I tend to think it's 1-3 and not #4. But if anyone else has some feedback about how fast they are able to spider I would appreciate it. Thanks.

vinyl-junkie
06-07-2004, 05:48 PM
When I spidered my site recently around noon that day, it took over 2 hours to spider about 1,500 pages. I re-spidered the same site close to midnight that same day, and it took about 45 minutes. I tend to think that during lighter traffic times on your website, the spidering process would be faster. Just a guess though.

synnalagma
06-08-2004, 01:56 AM
1.) Server processor speed.
Of course this will change indexing speed
2.) Server OS.
Linux should be faster (it is for MySQL)
3.) Internet bandwidth of server.
If you index site that aren't on the server, of course it mather
4.) My client script on my browser.
No, this should't change anything

5) PHP configuration
If you have a low memory limit and so on it can slow indexing process
6)Load of your server
If there's ressource intensive scripts on your server this can also be scripts of your neighbours (if you're on a shared server) this can slow down indexing. Try to know where your server is located (I mean lot of european server are located in USA) to choose the right hour to do the job.

misterbearcom
06-08-2004, 10:53 AM
Thanks, guys. It's very much appreciated. I had a feeling that there would be a few contributing factors. I bet my server is pretty bogged down since the number of databases being used.

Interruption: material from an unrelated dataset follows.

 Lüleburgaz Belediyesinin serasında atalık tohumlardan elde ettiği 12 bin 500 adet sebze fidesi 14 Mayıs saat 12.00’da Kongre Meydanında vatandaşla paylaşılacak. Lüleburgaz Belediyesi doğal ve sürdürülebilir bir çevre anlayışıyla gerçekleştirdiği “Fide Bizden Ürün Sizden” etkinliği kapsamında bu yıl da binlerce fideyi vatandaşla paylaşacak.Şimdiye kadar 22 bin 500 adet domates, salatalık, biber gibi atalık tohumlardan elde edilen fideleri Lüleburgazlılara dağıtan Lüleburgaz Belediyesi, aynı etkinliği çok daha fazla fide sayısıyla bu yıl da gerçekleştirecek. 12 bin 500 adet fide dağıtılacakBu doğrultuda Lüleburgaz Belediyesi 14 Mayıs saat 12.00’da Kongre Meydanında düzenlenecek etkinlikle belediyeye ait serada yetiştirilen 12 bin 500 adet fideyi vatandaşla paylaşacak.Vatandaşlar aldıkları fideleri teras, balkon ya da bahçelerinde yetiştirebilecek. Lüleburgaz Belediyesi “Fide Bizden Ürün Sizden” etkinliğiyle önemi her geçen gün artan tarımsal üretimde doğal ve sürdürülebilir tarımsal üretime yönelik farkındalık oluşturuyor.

In the future I suppose I will have to consider renting my own server somewhere. If anyone knows of any great rates with PHP 4.3+ and MySQL I'd appreciate it. Otherwise I was thinking about a local server company, http://www.serverbeach.com which I believe has a good rate ($99/month) for Linux Redhat. But I'm still debating about this.

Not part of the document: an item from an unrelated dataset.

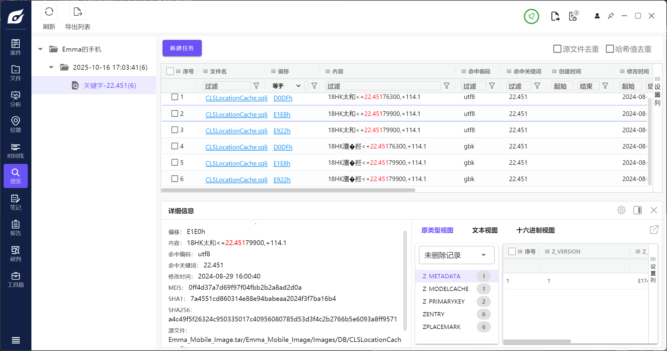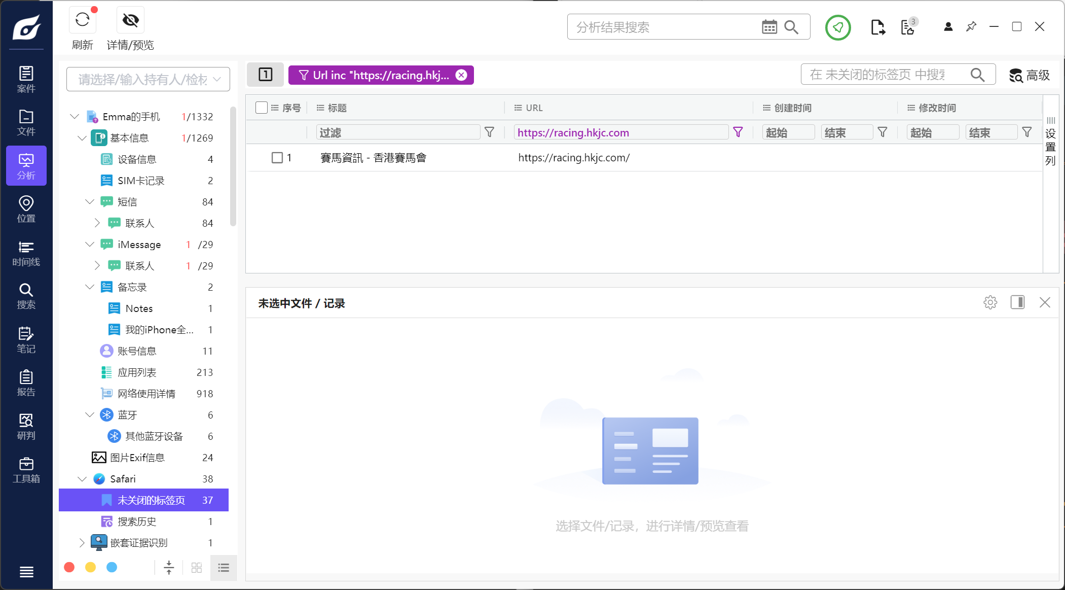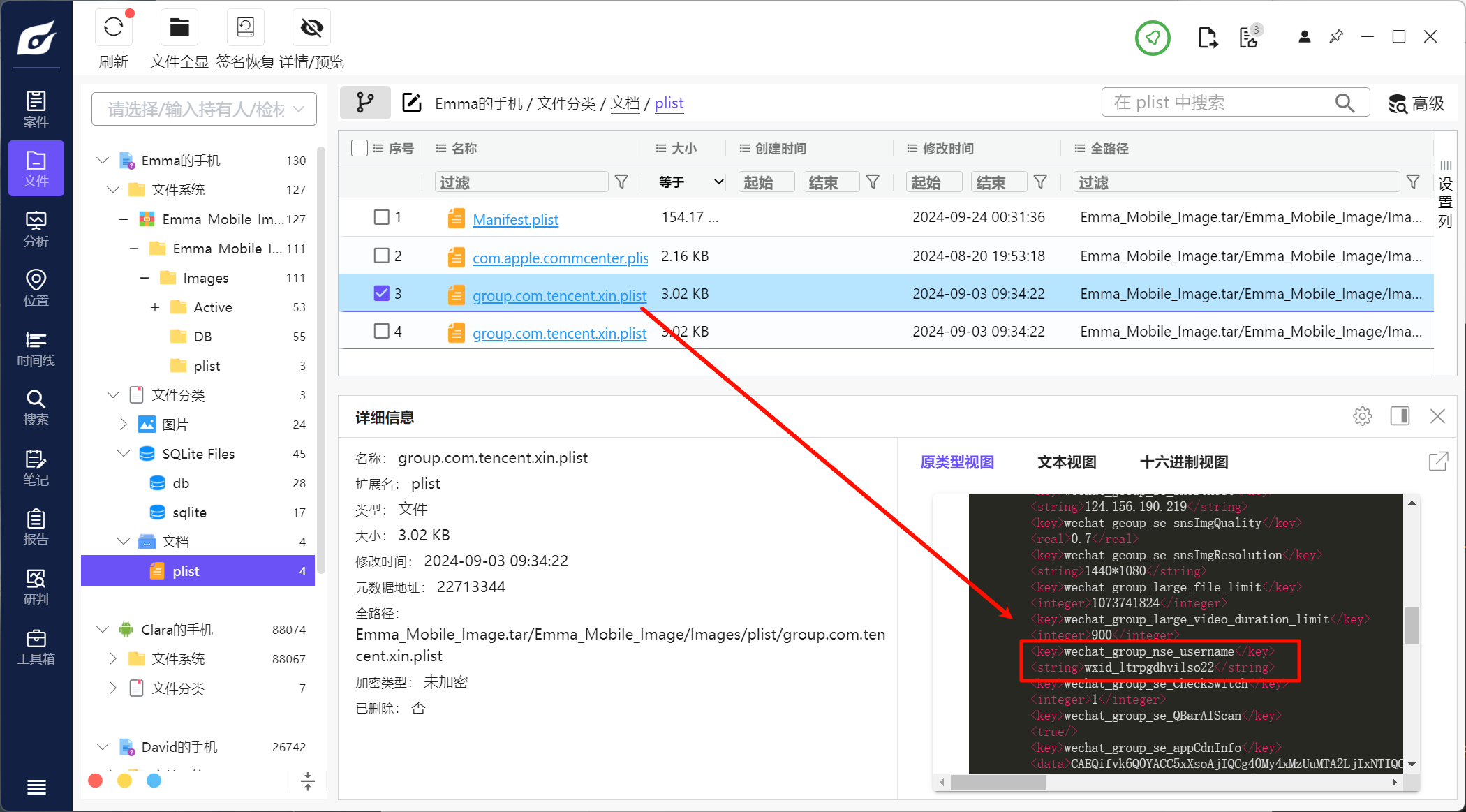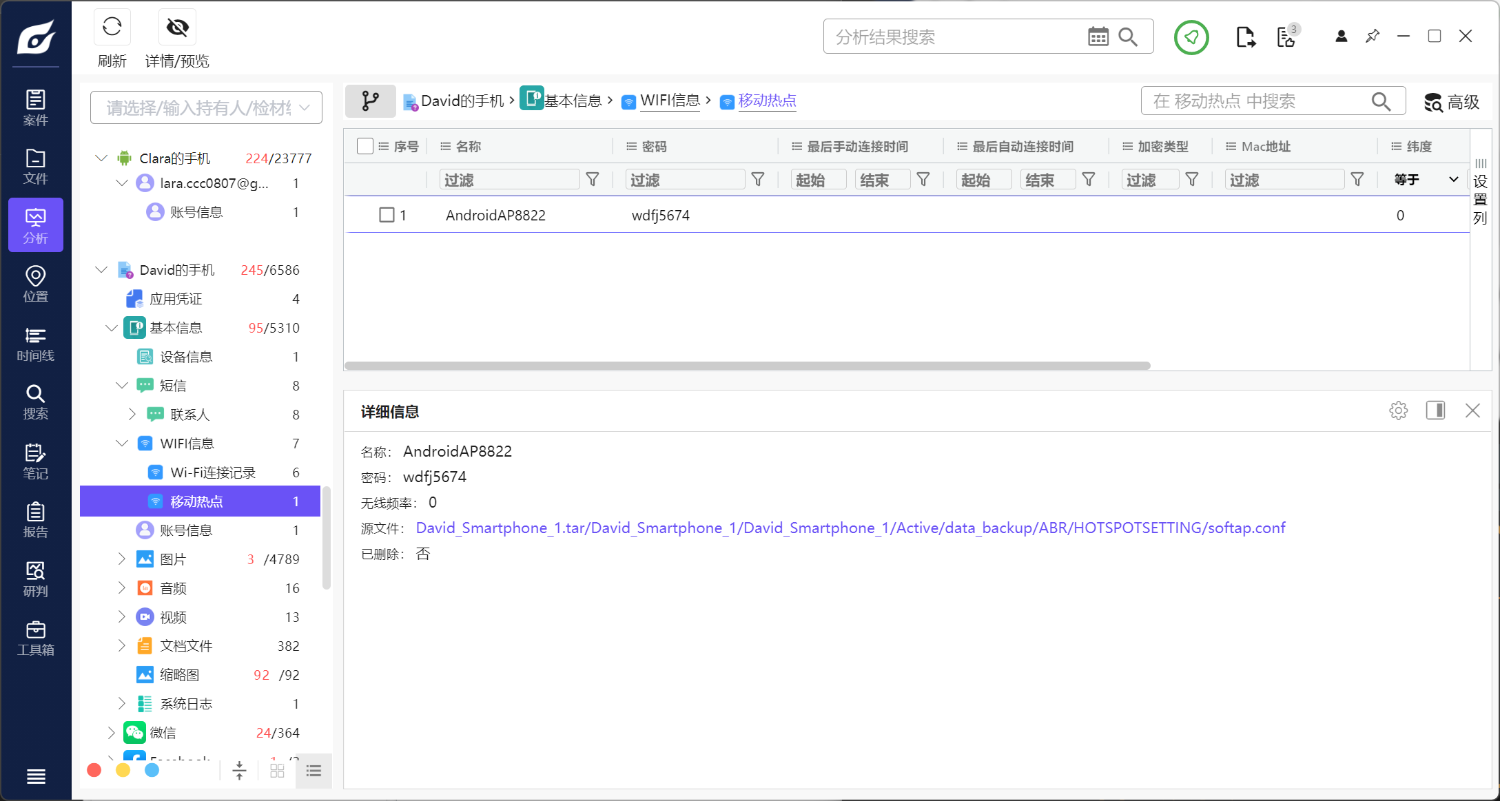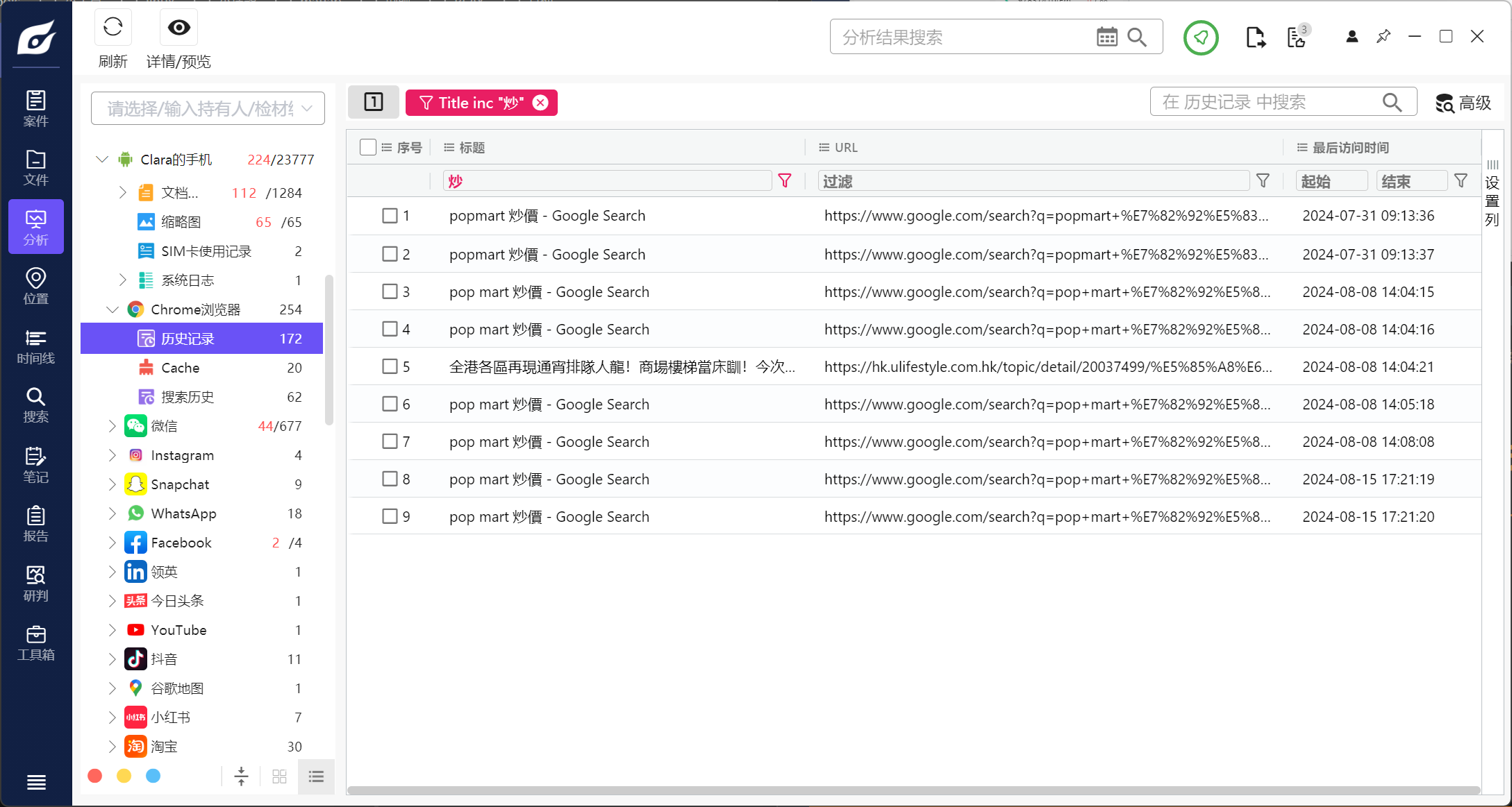 不过好在火眼能对其中的数据库什么的进行解析,虽然没有自动取证,但是也能看见具体的东西

Again, thanks. I really appreciate the info. I'll have to do some more brainstorming about what would be the best thing to do.

vinyl-junkie
06-08-2004, 05:44 PM
You don't say how much disk space you require. That makes a big difference in what web host anyone could recommend. My web host is MindStormHosting (http://www.mindstormhosting.com/). I've been with them for about six months and have been very happy with their service. There are several hosting packages to choose from. You might want to check them out to see if they'd have what you need.

misterbearcom
06-08-2004, 06:20 PM
Originally posted by vinyl-junkie
You don't say how much disk space you require. That makes a big difference in what web host anyone could recommend. My web host is MindStormHosting (http://www.mindstormhosting.com/). I've been with them for about six months and have been very happy with their service. There are several hosting packages to choose from. You might want to check them out to see if they'd have what you need.

Currently, I use Neureal.com who are really great. However I know when logging on via cocoamysql that there must be at least a hundred mysql databases on the same server all running at the same time. So, it gets a bit bogged down.

I am not sure how much storage space I would need however, I am looking to grow a phpdig-based website in terms of collecting as many urls as possible but am currently on a limited budget, so I really do not know as of yet. However, more of anything in terms of hardware and software would always be better, me thinks. :D

robertDouglass
06-09-2004, 05:39 AM
I was wondering if there are any optimizations one can make when spidering a site hosted on the same server (same domain)? In particular, if I tell phpdig to spider www.mydomain.com, doesn't this involve the DNS server and a roundtrip to the internet? I tried localhost, but that didn't work (shared hosting). Any suggestions?